Впрочем, Аглаида Павловна не согласна, что мы возьмем братушек себе. Она толкует, что мы их только защитим от турок, а потом уйдем. Но если мы их оставим там же и уйдем, – почему турки послушаются нас? Турки с ними рядом живут, и как мы отвернемся – они их опять заберут. Нам опять, значит, идти и на те же горы лезть.
Башибузуков я все еще боюсь. Вечером, чуть закрою глаза, – сейчас вижу их страшные рожи. Столько портретов с них рисуют, что не забудешь: глазищи черные, брови нависшие, нос огромный. Как-то наши солдаты с ними справятся? Вижу этих на улице, в вагоне, – самые обыкновенные и небольшие.

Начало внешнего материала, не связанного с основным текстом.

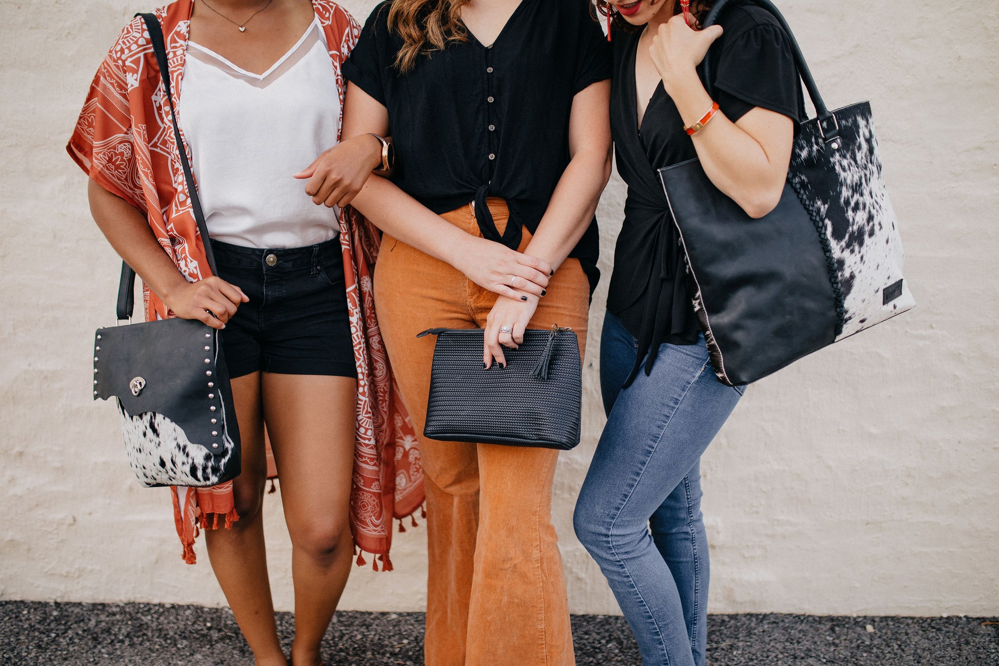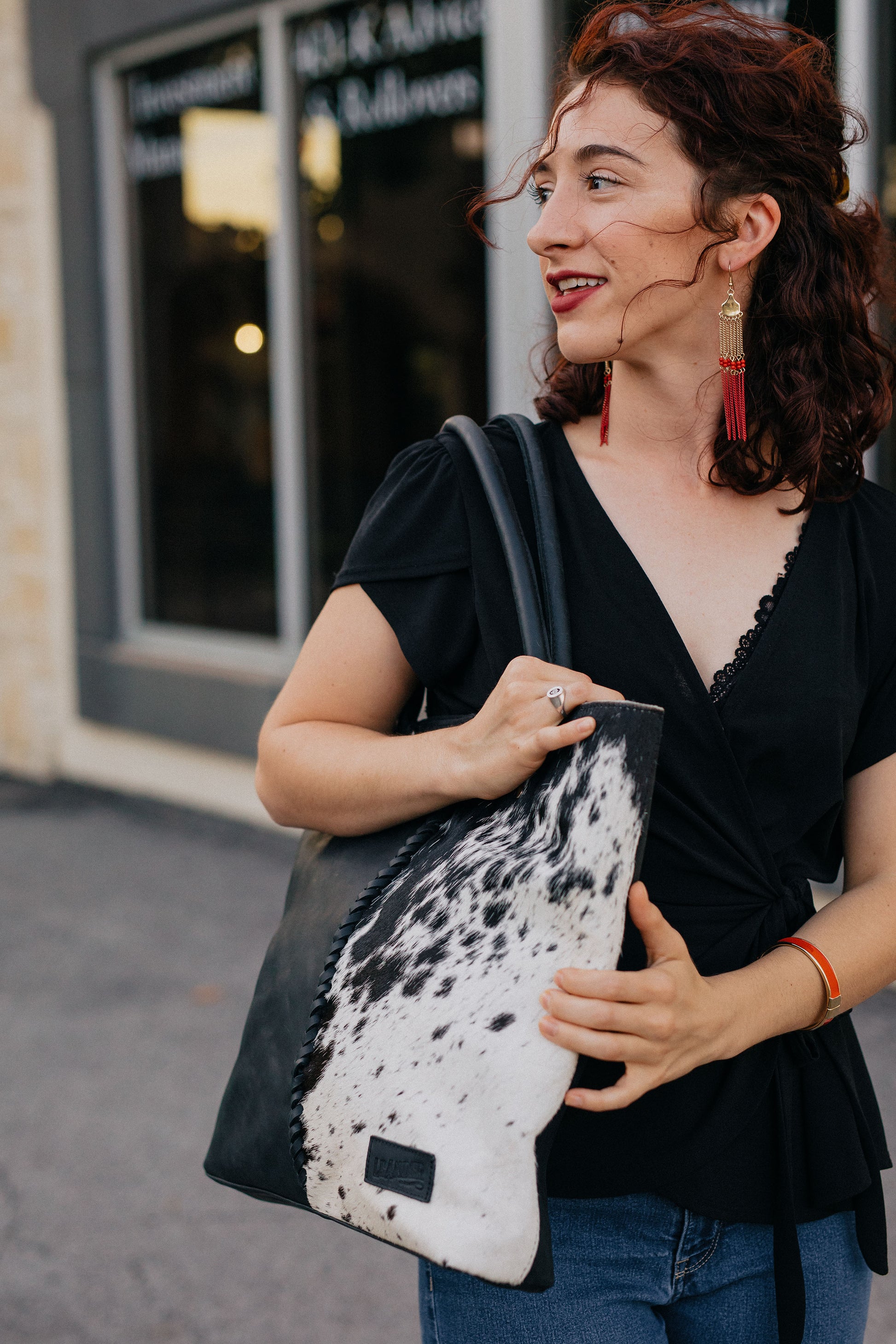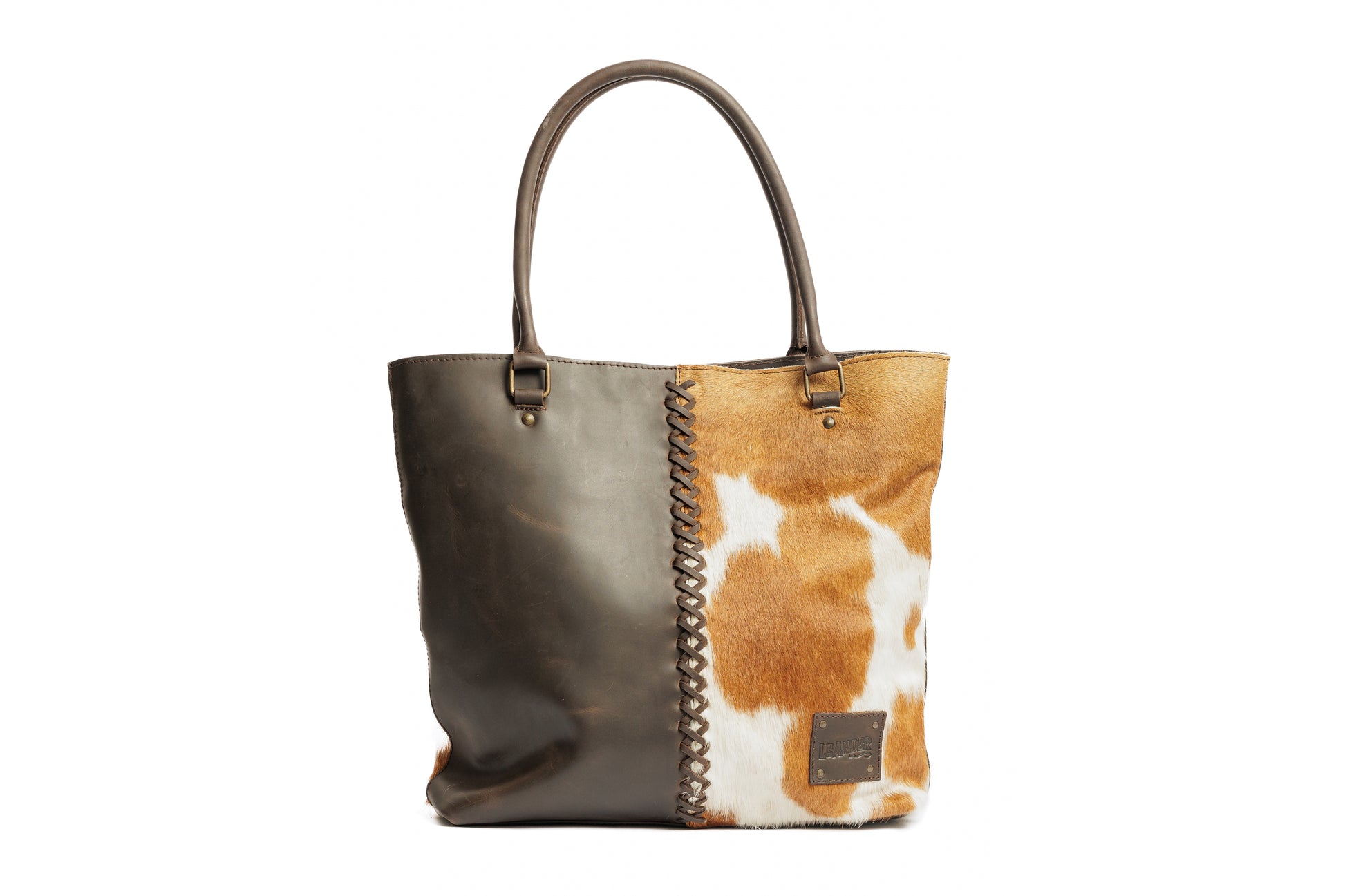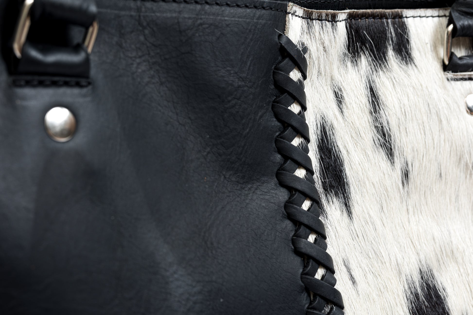 Introducing Rickie, the hot cowhide tote that's sure to turn heads! Handcrafted from a luxe mix of hair-on cowhide and smooth leather, it features hand-stitched detail, dreamy rolled leather handles, an interior zip pocket and accessory pouches, and a magnetic snap closure. So go ahead, take Rickie out for a spin - you'll be totes impressed! (17" x 15"; 10" handles)

Правда, у нас зато есть Белый Генерал. Он всюду появляется в белом кителе на белом, коне, всех побеждает, а ему ничего не могут сделать: заколдованный. Но все-таки он один, а башибузуков много… И я мечтаю: вот если б сколько у турок башибузуков – столько у нас белых генералов…
Раз как-то среди этих мечтаний днем я прохожу через гостиную. Помнится, был звонок; гость пришел, значит. Но к нему еще не выходили. Вот он стоит один у стола спиной ко мне, спина широкая-широкая… И вдруг обернулся.
На меня нашло оцепенение. Когда что-нибудь такое случается – я не кричу, не бегу, а цепенею. И теперь случилось самое неожиданное, самое ужасное, что только можно вообразить: у нас в гостиной стоял живой башибузук!
Одного мгновенья было достаточно, чтобы заметить все: и черные глазищи, и зверские брови над повисшим носом… В следующее мгновенье, когда это страшилище, скаля зубы, двинулось и замычало какие-то слова – мой столбняк прошел. И вот я уже лечу по коридору, как вихрь, молча и безумно, не разбираю дороги, сметаю в сторону горничную Глашу, потом еще кого-то. Потом с налету качусь под ноги Аглаиде Павловне, которая успевает схватить меня за плечи, я рвусь, Аглаида Павловна приседает было на корточки, но, рассмотрев мое страшное лицо и кое-как расслышав захлебывающийся шепот: «ба…баши…зук…», – визжит пронзительно, поднимает меня на руки и, спотыкаясь, бежит куда-то со мной.
Кажется, нас остановили уже в кухне, на визг сбежались все: няня, тетя, бабушка. Явилась и мама. Помню красное, в слезах, лицо Аглаиды Павловны, шум, возгласы, объяснения. Бабушка оторвала мои руки от шеи защитницы и увела к себе, что-то говорила, успокаивала.
– Да не реви ты… Не реви ты… Полно-ка… перекрестись: никогошеныси и нет нигде… Это черт тебе привиделся, за то, что Богу не молишься.
Поверить, что черт привиделся – пожалуй, можно бы. Слезы мои понемногу утихали. Но какой удар ожидал меня впереди!..
Этот удар нанесла мне явившаяся через полчаса в бабушкину комнату Аглаида Павловна. Она все еще была красна, как рак, и презлобная. Тогда сразу поверила мне о башибузуке, все это видели, и теперь не могла простить мне такого потрясающего стыда.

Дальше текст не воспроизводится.